Prove that the line $5 x+12 y=9$ touches the hyperbola $x^2-9 y^2=9$ and find the point of contact.

Solution:
The given line is $5 x+12 y=9 \Rightarrow y=\frac{-5}{12} x+\frac{9}{12}$
Comparing the above line with $y=m x+c$ we get,
$
m=\frac{-5}{12} \text { and } c=\frac{9}{12}=\frac{3}{4}
$
The given hyperbola is $x^2-9 y^2=9$
i.e., $\quad \frac{x^2}{9}-\frac{y^2}{1}=1 ;$ Here, $a^2=9 ; b^2=1$
Condition for the line $y=m x+c$ to be a tangent to the hyperbola
$
\frac{x^2}{a^2}-\frac{y^2}{b^2}=1 \text { is } c^2=a^2 m^2-b^2 \text {. }
$
Here, $c^2=\left(\frac{3}{4}\right)^2=\frac{9}{16}$
$
a^2 m^2-b^2=9\left(\frac{-5}{12}\right)^2-1=9\left(\frac{25}{144}\right)-1=\frac{25}{16}-1=\frac{9}{16}
$
(1) $=(2) \Rightarrow$ The given line is a tangent to the curve i.e., the given line touches the curve.
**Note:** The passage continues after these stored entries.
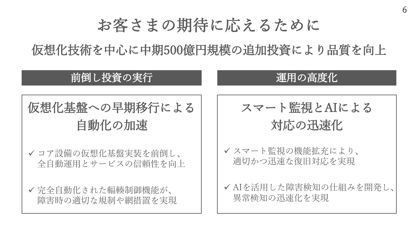 • KDDIが障害対策で500億円投資、「コア設備の全自動運用」や「AI検知」など導入へ
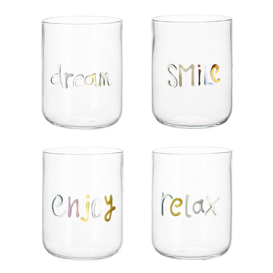 Набор стаканов Cheers станет настоящей находкой для тех, кто любит необычные предметы сервировки. Такая посуда идеально подходит для подачи холодных напитков. Набор привлекает внимание интересным дизайном – стенки стаканов украшает рельефная, цветная надпись. Особенности и преимущества: - Стаканы выполнены из боросиликатного стекла, что обеспечивает им практичность и долговечное использование. - Материал отличается повышенной прочностью, не содержит в своем составе вредных соединений и легко моется. - Декор в виде разноцветной надписи делает дизайн уникальным и узнаваемым. Материал: боросиликатное стекло. Размеры: диаметр – 8,4 см; высота – 10,5 см. Объем: 450 мл. Цвет: разноцветный. Количество стаканов в наборе: 4 шт. Можно мыть вручную в теплой мыльной воде с помощью мягкой губки. Запрещается использование абразивных материалов и агрессивной бытовой химии. Не рекомендуется мыть в посудомоечной машине.
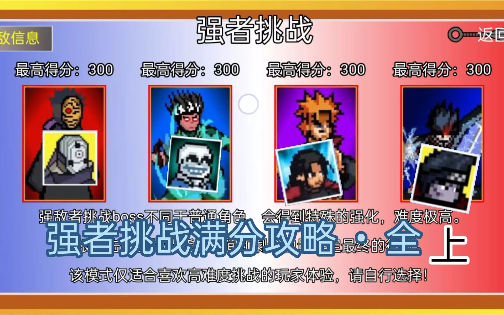 像素火影次世代强者挑战全300分合集,目前最快。
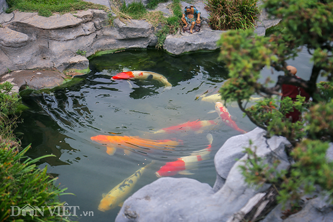 Chính giữa khu vườn là một hồ nước nhỏ nơi có đàn cá Koi tung tăng bơi lội, tạo khung cảnh sơn thủy hữu tình.
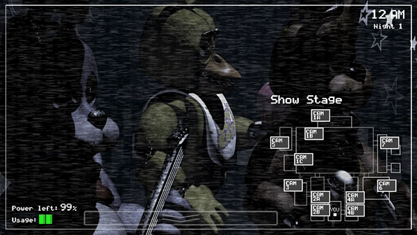 2、通过闭路监视器来观察玩具熊们的活动路线,控制更多的音乐和来限制玩具熊的活动。
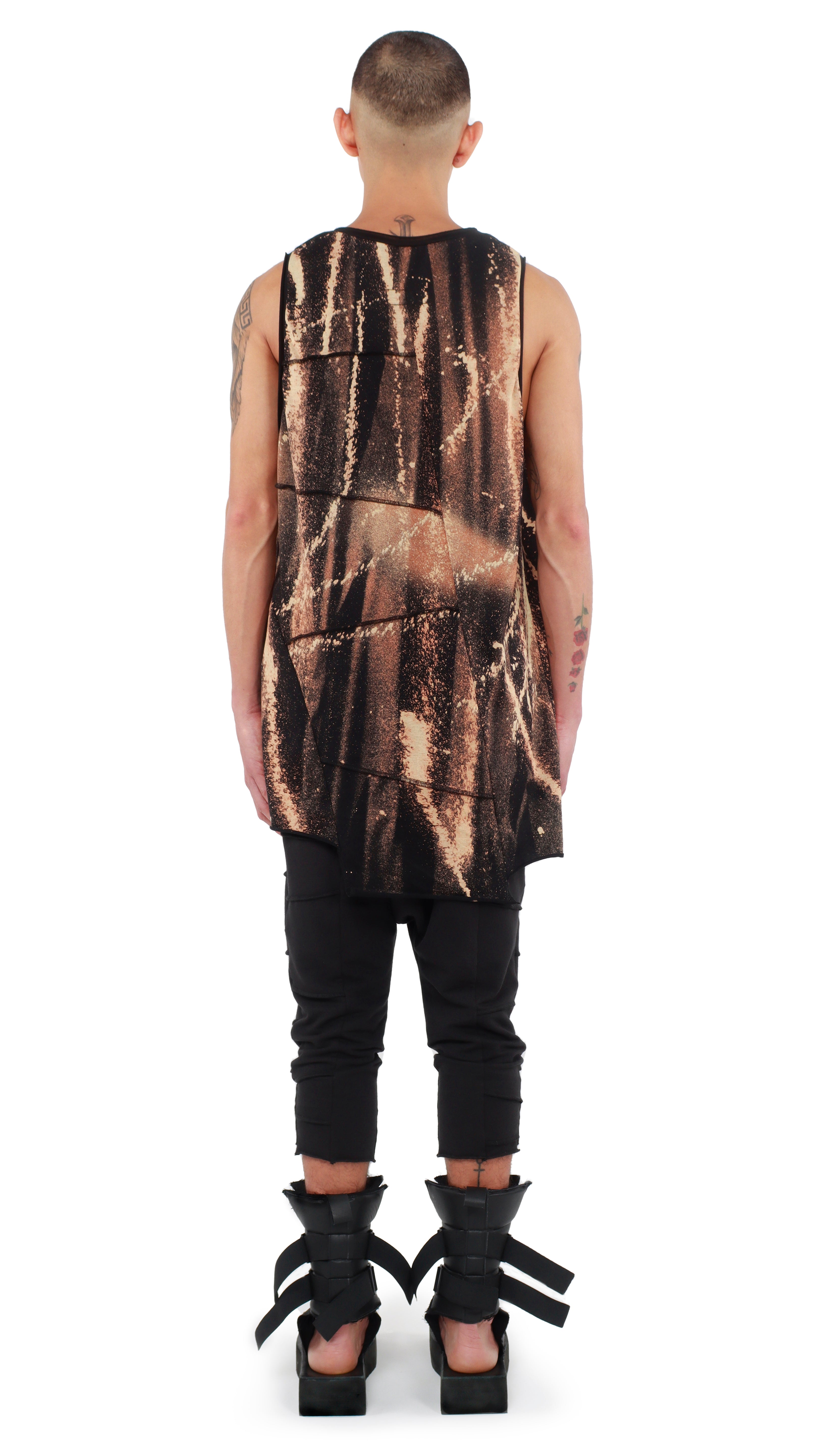 Its design boasts a round neckline and armholes with raw, edgy finishes, creating a distinctive aesthetic. What truly sets this avant-garde piece apart are the asymmetrical upside-down seams gracing both the front and back, pushing the boundaries of conventional design. The hems feature varying levels of cuts with raw finishes, complemented by a hand-made fabric print achieved through meticulous bleach spraying.
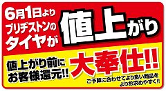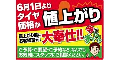 既にご存知の方も多いかと思いますが、 6月1日(木)よりタイヤ価格が値上がり致します! タイヤ交換をお考えの方はお急ぎ下さい!! 今月中のお買い求めが絶対にお得ですよ♪ まずはタイヤの点検だけでもお気軽にご来店下さい!!
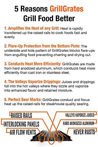 - NEVER RUSTS: Made of hard anodized aluminum, GrillGrates will never rust. Harder than steel, able to withstand heat up to 900degrees
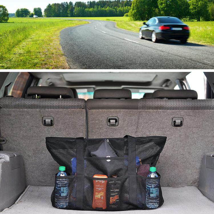 Usually when going out to play on the beach with children, we need to take a lot of things like sanding tools, towels, clothes, toys, etc, which is inconvenient. This beach storage bag can store them all. Due to a mesh bag design, all sand and water can be leaked. And it can also be used to hold snow digging tools in winter.

To find the point of contact we have to solve the line and the curve.
The given line $5 x+12 y=9$

$\Rightarrow 12 y=9-5 x \Rightarrow y=\frac{9-5 x}{12}$
Substituting $y=\frac{9-5 x}{12}$ in $x^2-9 y^2=9$ we get,
$
\begin{aligned}
x^2-9\left[\frac{9-5 x}{12}\right]^2=9 & \\
x^2-\frac{9}{144}\left[81+25 x^2-90 x\right]=9 & \Rightarrow x^2-\frac{1}{16}\left[81+25 x^2-90 x\right]=9 \\
\frac{16 x^2-\left(81+25 x^2-90 x\right)}{16}=9 & \Rightarrow 16 x^2-81-25 x^2+90 x=144 \\
16 x^2-81-25 x^2-90 x-144 & =0 \Rightarrow-9 x^2+90 x-225=0 \\
(\div \text { by }-9) \Rightarrow x^2-10 x+25 & =0 \\
(x-5)^2 & =0 \Rightarrow x=5 \\
\text { when } x=5, y & =\frac{9-25}{12}=\frac{-16}{12}=\frac{-4}{3}
\end{aligned}
$
Point of contact is $\left(5, \frac{-4}{3}\right)$.

Question 8.
Show that the line $x-y+4=0$ is a tangent to the ellipse $x^2+3 y^2=12$. Find the co-ordinates of the point of contact.
Solution:
The given ellipse is $\mathrm{x}^2+3 \mathrm{y}^2=12$
Given line is $x-y+4=0 \Rightarrow y=x+4$
Here, $\mathrm{m}=1$ and $\mathrm{c}=4$
The condition for the line $y=m x+c$ to be a tangent to the ellipse $\frac{x^2}{a^2}+\frac{y^2}{b^2}=1$ is $c^2=a^2 m^2+b^2$.
LHS: $c^2=4^2=16$
RHS: $\mathrm{a}^2 \mathrm{~m}^2+\mathrm{b}=12(1)+4=16$
LHS: RHS $\Rightarrow$ the given lines is a tangent to the ellipse.